Quando alguém surge com uma visão diferente, com autonomia intelectual ou com capacidade de mobilizar pessoas ao redor de uma nova forma de pensar, isso pode gerar admiração de um lado e desconforto do outro. E é justamente nesse ponto que muitas trajetórias começam a ser silenciosamente condenadas. A permanência daquele líder deixa de depender dos resultados e passa a depender da sua compatibilidade com a estrutura de poder vigente.

Por isso, em diversas ocasiões, a performance acaba sendo utilizada apenas como narrativa oficial. Diz-se que o time não estava bem, que os números não eram suficientes, que era necessário mudar. No entanto, internamente, a decisão muitas vezes já havia sido tomada muito antes do momento público. A situação específica apenas cria o cenário perfeito para justificar aquilo que já estava em curso.

Esse tipo de dinâmica revela algo ainda mais profundo: o verdadeiro problema raramente está no episódio isolado. Está na cultura. Culturas organizacionais são construídas lentamente ao longo do tempo, por meio de decisões repetidas, comportamentos tolerados e valores que são reforçados diariamente, mesmo quando ninguém está olhando. Uma única demissão não define uma cultura, mas a sequência de decisões ao longo dos anos revela exatamente qual tipo de ambiente está sendo criado.

E existe um ponto particularmente delicado nesse processo. Muitas vezes, o último a perceber que a cultura pode estar se tornando tóxica é justamente quem está ajudando a construí-la. Líderes tendem a enxergar suas próprias decisões como necessárias, estratégicas ou inevitáveis. No entanto, do lado de fora, essas mesmas decisões podem revelar padrões de comportamento que fragilizam o ambiente, sufocam talentos e reduzem a capacidade de inovação.

Com o tempo, essa diferença entre narrativa e realidade acaba se tornando visível. O tempo tem uma característica implacável: ele expõe as consequências das escolhas. Decisões acertadas fortalecem instituições, consolidam resultados e criam histórias de sucesso. Decisões baseadas em ego, insegurança ou disputa de poder costumam produzir o efeito contrário, ainda que demorem algum tempo para mostrar seus impactos.

Por isso, quando analisamos casos como o de Felipe Luiz, a reflexão que realmente importa não é apenas sobre o técnico, o clube ou o momento específico. A questão central é compreender quais forças invisíveis influenciam as grandes decisões dentro de qualquer organização. Ego, poder, influência, dependência política, preservação de status ou, de fato, propósito e resultado.

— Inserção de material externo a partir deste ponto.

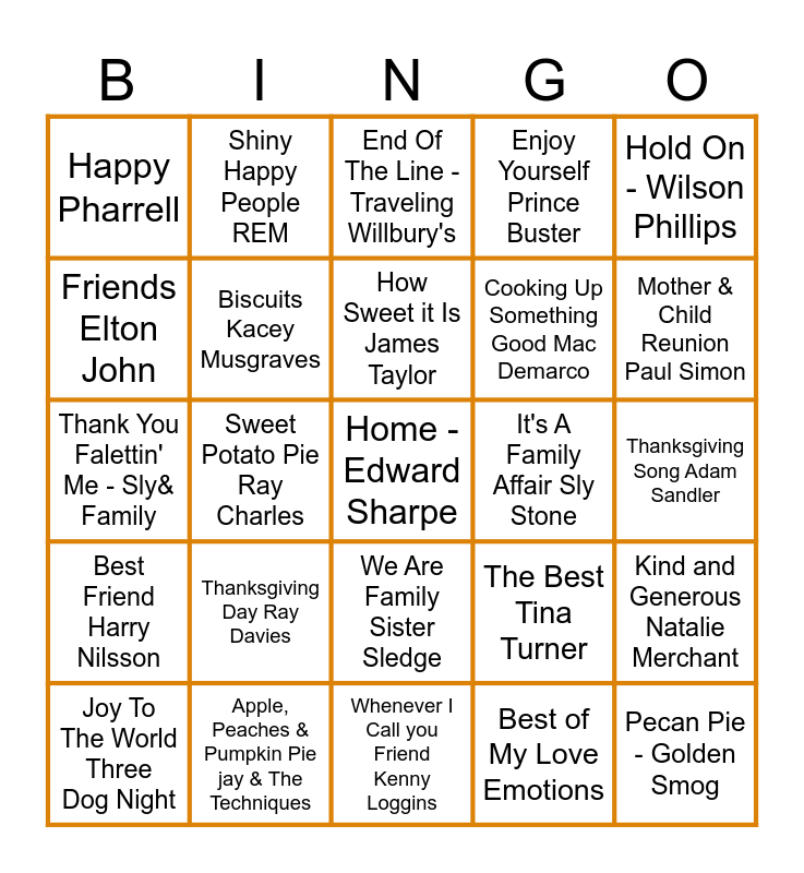 This bingo card has 60 words: Alice's Restaurant Arlo Guthrie, Apple, Peaches & Pumpkin Pie jay & The Techniques, Be Thankful Natalie Cole, Best Friend Harry Nilsson, Best of My Love Emotions, Better Together Jack Johnson, Biscuits Kacey Musgraves, Celebration Kool & The Gang, Cooking Up Something Good Mac Demarco, Don't Worry Be Happy Bobby McFerrin, Enjoy Yourself Prince Buster, Family Affair Mary J. Blige, Friends Elton John, Friends in Low Places Garth Brooks, Good Times Chic, Happy Pharrell, Home - Edward Sharpe, Hold On - Wilson Phillips, Homeward Bound Simon & Garfunkle, How Sweet it Is James Taylor, It's A Family Affair Sly Stone, End Of The Line - Traveling Willbury's, Joy To The World Three Dog Night, Kind and Generous Natalie Merchant, Love Train The O'Jays, Macy's Day Parade Green Day, Make Someone Happy Jimmy Durante, Mashed Potato Time Dee Dee Sharp, Mother & Child Reunion Paul Simon, Oh Happy Day Edwin Hawkins, Peace Train Cat Stevens, Peanuts Thanksgiving Vince Guaraldi, Praise You Fatboy Slim, Put On A Happy Face Tony Bennett, Shiny Happy People REM, Smile Uncle Cracker, Stand By Me Ben E King, Sweet Potato Pie Ray Charles, Thank You Boyz II Men, Thank You Falettin' Me - Sly& Family, Thank You for Being A Friend Andrew Gold, Thanksgiving Day Ray Davies, Thanksgiving Song Adam Sandler, That's What Friends Are For Dionne Warwick, The Best Tina Turner, The Bird Morris Day, The Happy Organ Dave Baby Cortez, Those Were The Days Mary Hopkins, Turkey Trot Little Eva, We Are Family Sister Sledge, Whenever I Call you Friend Kenny Loggins, Why Can't We Be Friends War, With a Little Help From My Friends Joe Cocker, Kitchen With Dinah - Mercer, You're My Best Friend Queen, You're Welcome Dwayne Johnson, Cherry Pie - Warrant, American Pie - Don McLane, Pecan Pie - Golden Smog and Hey Good Lookin' - Hank Williams.

Essa é uma pergunta que todo líder deveria fazer com honestidade. Porque no final das contas, resultados sustentáveis raramente nascem apenas de estratégia ou competência técnica. Eles são consequência direta de cultura, comportamento e qualidade das relações humanas dentro de um sistema.

E talvez essa seja a lição mais importante por trás de decisões como essa. Em muitas organizações, noventa por cento dos problemas não estão relacionados ao faturamento, à produtividade ou à eficiência operacional. Estão relacionados às pessoas. À forma como lideramos, à forma como lidamos com conflitos e, principalmente, à forma como escolhemos colocar o propósito coletivo acima dos interesses individuais.

Quando isso não acontece, decisões aparentemente estratégicas podem esconder algo muito mais simples e, ao mesmo tempo, muito mais perigoso: o triunfo silencioso do ego sobre o projeto. E quando isso se torna regra, não é apenas um líder que perde o espaço. É toda a organização que, aos poucos, perde o rumo.